At Wilson Medical Center in rural Neodesha, Kansas, three of the roughly 180 employees are quitting, and several others have sought exemptions from the vaccine mandate, said hospital spokeswoman Janice Reese.
“We are very fortunate that that is all we are losing,” she said, noting that the hospital was not in favor of the mandate. “We didn’t feel like it was our place to actually try to tell a person what they had to do."
Reese said the vaccine requirement could also make it more difficult for the hospital to fill vacancies.
In Florida, medical centers find themselves caught between dueling federal and state vaccination policies. They could lose federal funding for not adhering to the Biden administration mandate, but could get hit with fines for running afoul of state law.

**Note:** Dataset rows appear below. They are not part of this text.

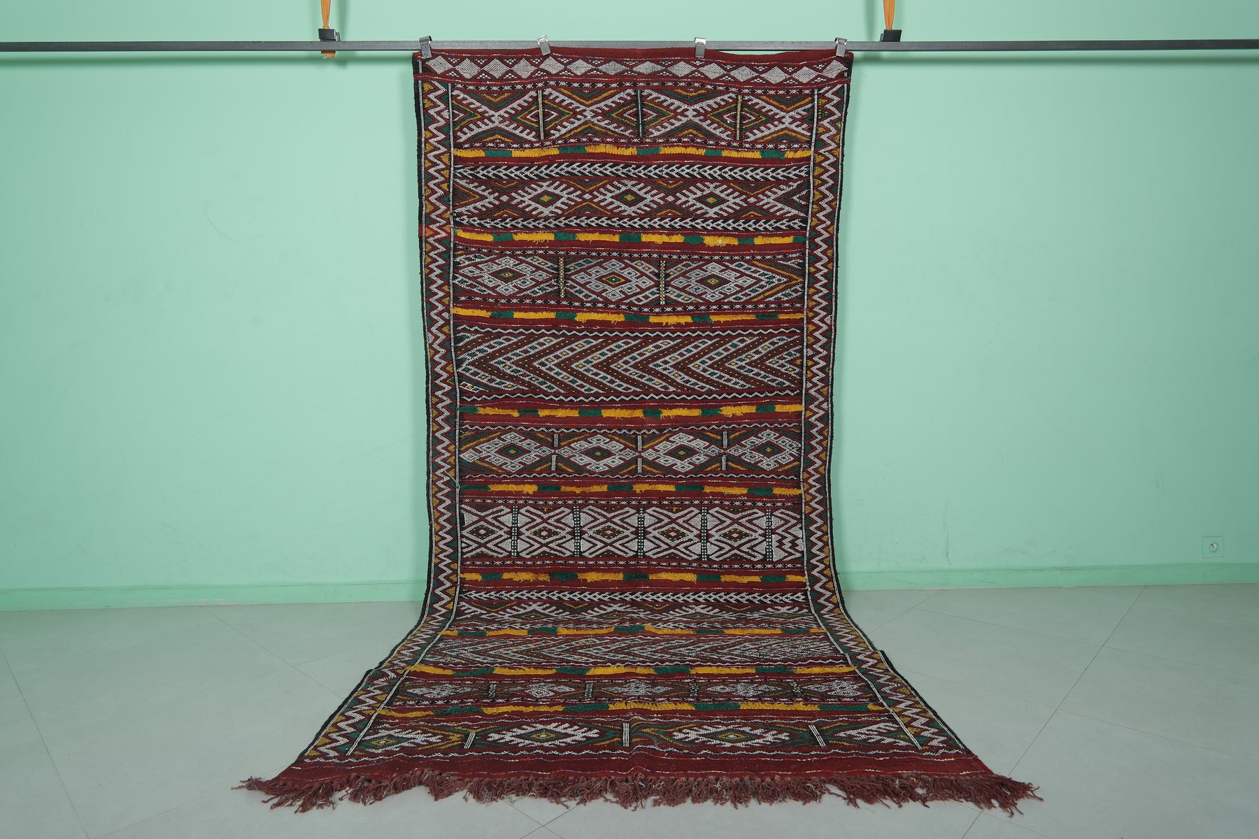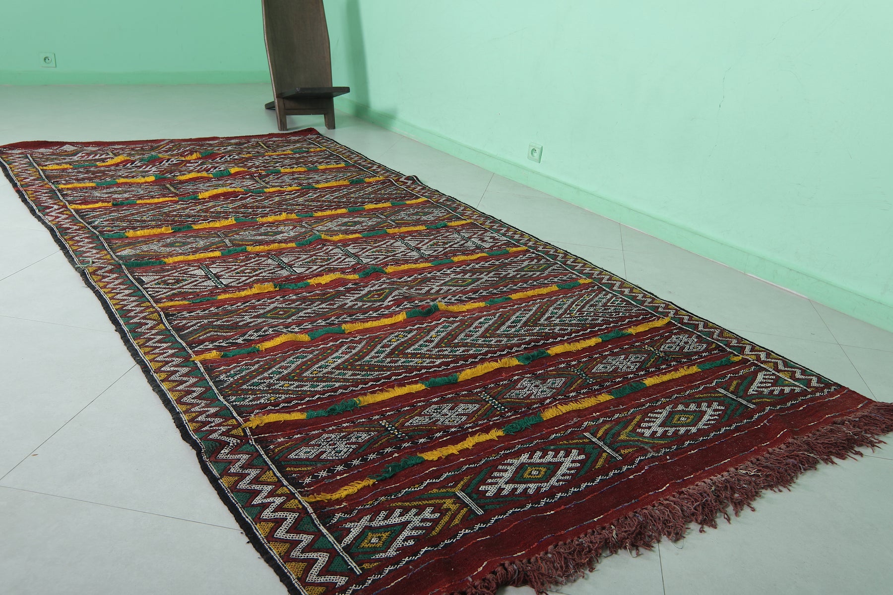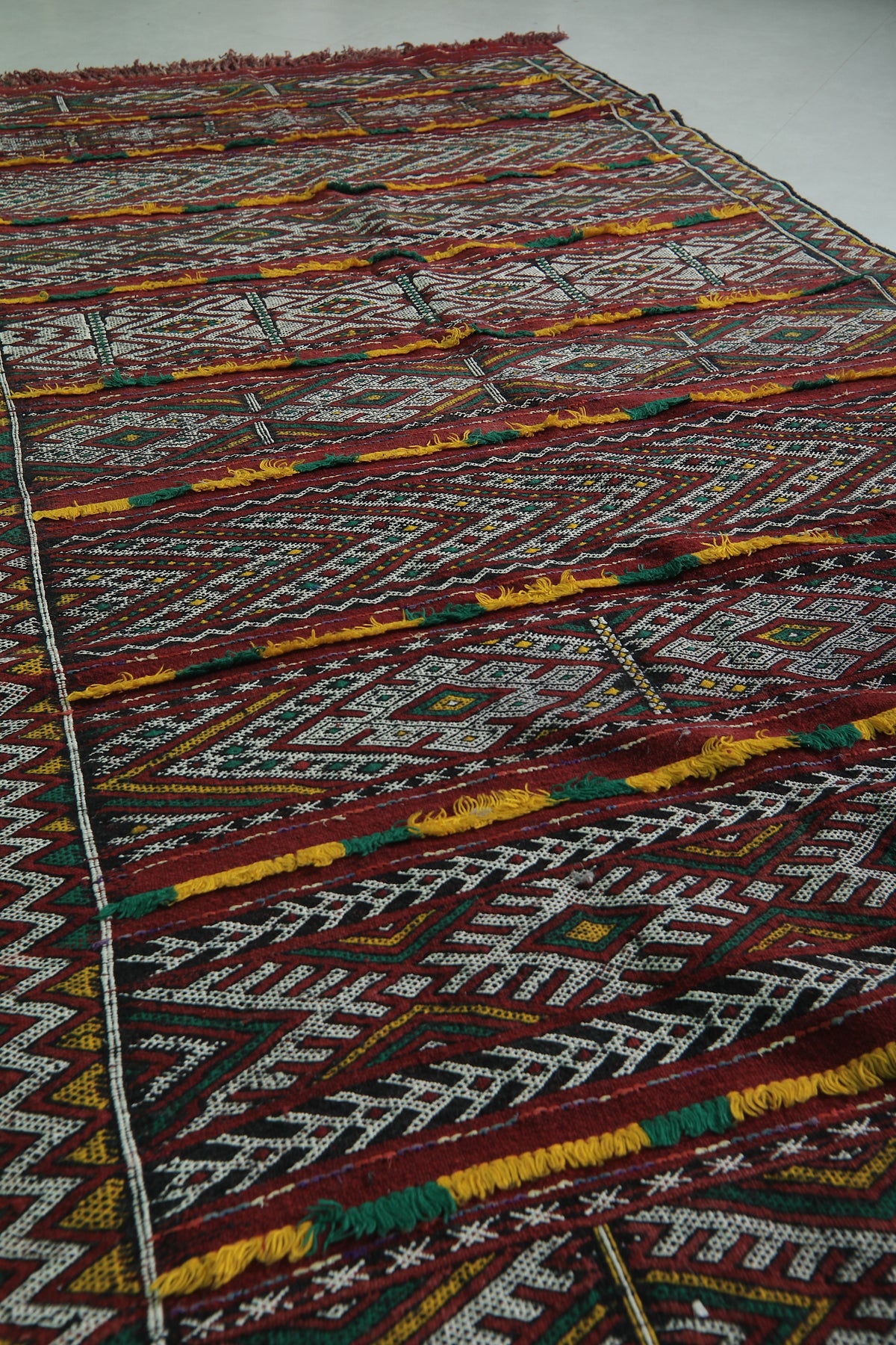 • Showcases intricate Berber-inspired geometric patterns in earthy red, yellow, and black tones.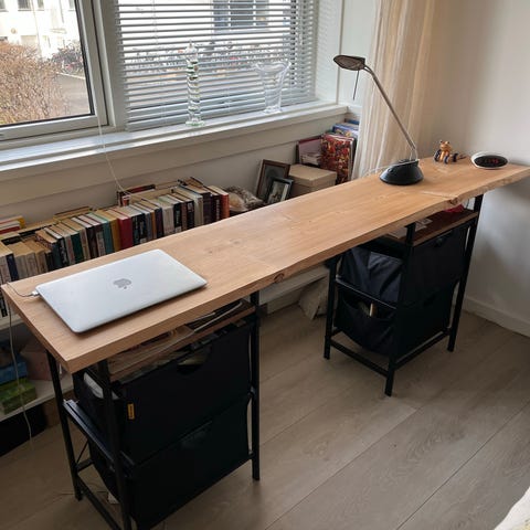To skrivebordsplader en lille og en stor .Der er seks ben med,Som kan justeres højden så de passer hvis ens gulv skulle være skævt🙃 oprindeligt sad de forskudt af hinanden. Jeg kan ikke huske hvordan det skal samles. Det er et designer bord i lyst lakeret egetræ. prisen er for alle dele . målet som står i annoncen er på det store bord. mål på lille bord ses på billeder
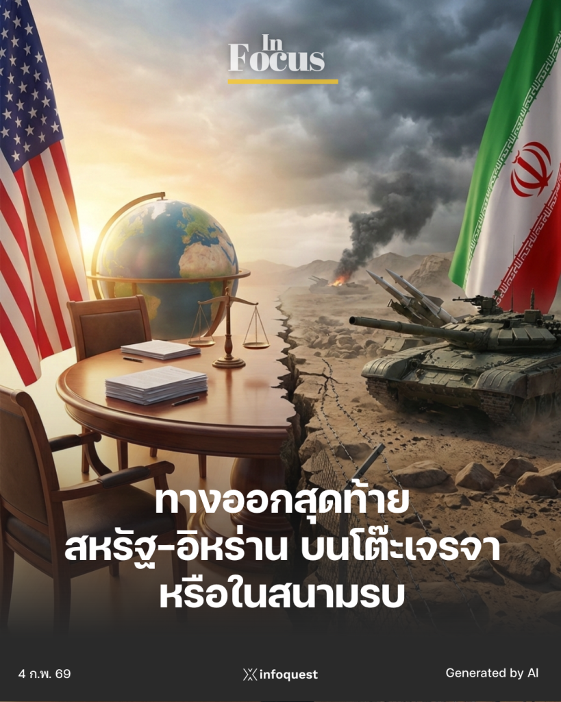 In Focus สัปดาห์นี้ จะพาไปจับตาว่า การเปิดโต๊ะเจรจาจะนำไปสู่การคลี่คลายความขัดแย้งอย่างจริงจัง หรือเป็นเพียงส่วนหนึ่งของเกมต่อรองท่ามกลางแรงกดดันจากปฏิบัติการทางทหาร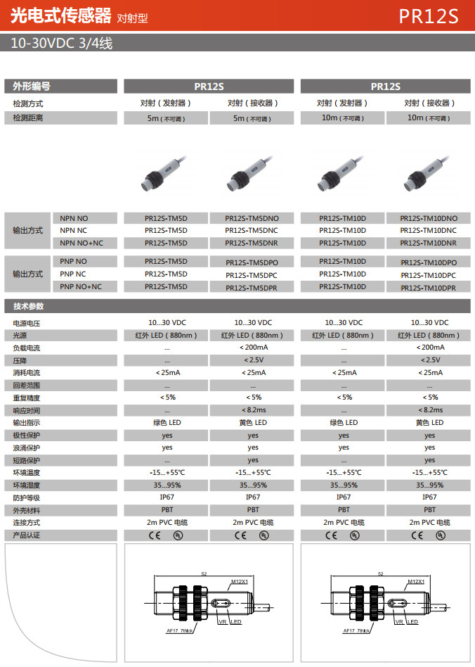 PR12S-TM5D,PR12S-TM5DNO,PR12S-TM5DNC,PR12S-TM5DNR,PR12S-TM10D,PR12S-TM10DNO,PR12S-TM10DNC,光電式傳感器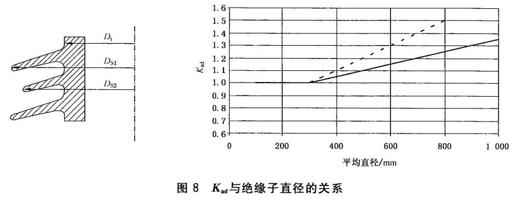 注:校正考慮到了大直徑絕緣子耐受性能的降低和積污減少的綜合影響。圖8中的虛線則表示在同樣情況下不考慮積污影響時(shí)的校正,例如人工污穢試驗(yàn)時(shí)。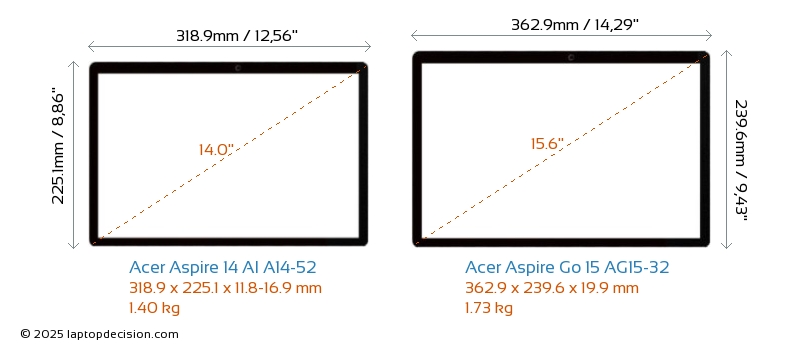 Thunderbolt Aspire 14 AI A14-52 ist mit einem Thunderbolt 4-Port ausgestattet. Aspire Go 15 AG15-32 hat keinen Thunderbolt-Port.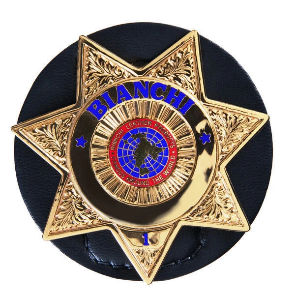 The Model 7350-01 Badge Holder clips on the belt for easy access and high visibility. It is constructed of a sturdy leather look synthetic with a heavy duty metal clip to provide secure attachment. The clip accepts belts up to 1.75 in. wide.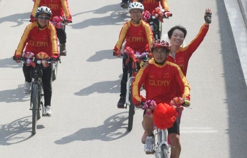 正说着,石家庄捷安特车友会的队友们穿着整齐的红色队服“浩浩荡荡”欢呼而至。车友会有一个QQ群,群里活跃着几百名自行车爱好者,“石家庄方圆200公里以内的景点几乎骑遍了。”群主是一位叫“居士”的男士,面色黝黑,说起话来十分干脆爽快,“半个多月前,两位新人在群里招呼了一嗓子:我们要结婚啦,大家有什么好点子没有?”“居士”回忆:“车友会的朋友们别的没有,车有的是,而且都是热心人。所以当有人提议说,就来个自行车婚礼如何?一呼百应,大家纷纷报名参加。”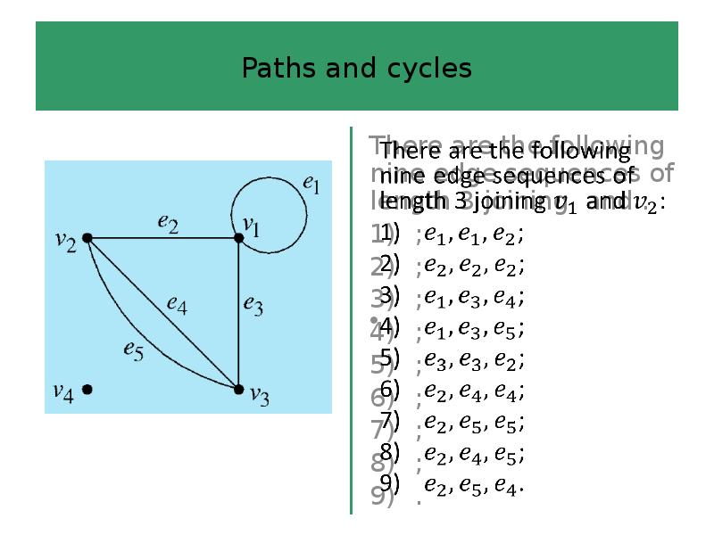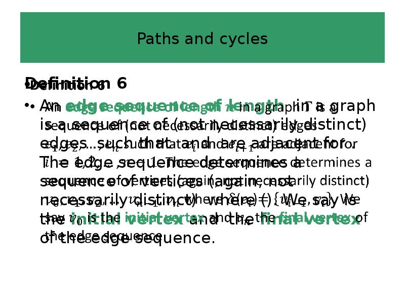 - 36. Paths and cycles Definition 6 An edge sequence of length in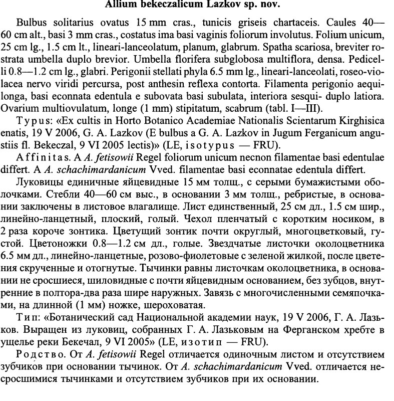 | Vladimir Epiktetov | Протолог Allium bekeczalicum БЖ 93(8) 1272 (2008)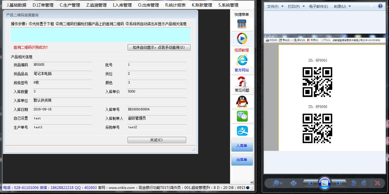 它是用來,在產品生產好入到倉庫的時候(也就是做入庫單的時候),把產品的相關信息自動生成一個二維碼,然后打印出來,貼到產品上面。這樣不管產品經過多少個客戶,不過它銷售到哪里,或者返回來。只要掃描一下它上面的二維碼,就可以查詢到它入庫當于的一些信息。比如入庫時間,對應的生產單號,采購單號,等等。

Gov. Ron DeSantis, a Republican who has waged a legal campaign against coronavirus mandates, last year signed legislation that forces businesses with vaccine requirements to let workers opt out for medical reasons, religious beliefs, immunity from a previous infection, regular testing or an agreement to wear protective gear. Businesses that fail to comply can be fined $10,000 to $50,000 per violation.
Asked if the state would pursue fines against hospitals that enforce the federal mandate, a spokeswoman for the Florida attorney general said all employee complaints "will be thoroughly reviewed by our office.”
Some states already have their own vaccine requirements for health care workers. In California, for example, they have been required to be fully vaccinated since Sept. 30 and must get a booster b y Feb. 1.
The federal mandate is “better late than never," said Sal Rosselli, president of the National Union of Healthcare Workers, which represents about 15,000 people in California. "But if it happened sooner, we wouldn’t have gone through the surge, and a lot more people would be alive today.”
The government said it will begin enforcing the first-dose vaccine requirement Feb. 14 in two dozen other states where injunctions were lifted when the U.S. Supreme Court upheld the mandate two weeks ago. The requirement will kick in on Feb. 22 in Texas, which had filed suit separately.
In Missouri, one nursing home served notice this week that it intends to take advantage of a state rule that allows facilities to close for up to two years if they are short-staffed because of the vaccine requirement. The state health department would not identify the nursing home, saying it is still notifying families and arranging transfer plans.
“Obviously we are proponents of vaccines," said department spokeswoman Lisa Cox. But "throughout all of this, we knew that mandating it would be a negative impact really on our health care system ... just because of crippling staffing levels.”
The Centers for Medicare & Medicaid Services ultimately could cut off funding to places that fail to comply with the mandate. But it plans to begin enforcement with encouragement rather than a heavy hand.
CMS guidance documents indicate it will grant leniency to places that have at least 80% compliance and an improvement plan in place, and it will seek to prod others.
“The overarching goal is to get providers over that finish line and not be cutting off federal dollars,” said MaryBeth Musumeci, a Medicaid expert with the nonpartisan Kaiser Family Foundation.
The states affected on Thursday are: California, Colorado, Connecticut, Delaware, Florida, Hawaii, Illinois, Maine, Maryland, Massachusetts, Michigan, Minnesota, Nevada, New Jersey, New Mexico, New York, North Carolina, Oregon, Pennsylvania, Rhode Island, Tennessee, Vermont, Virginia, Washington and Wisconsin, along with the District of Columbia and U.S. territories.
Associated Press writers Ricardo Alonso-Zaldivar and Anthony Izaguirre contributed to this report.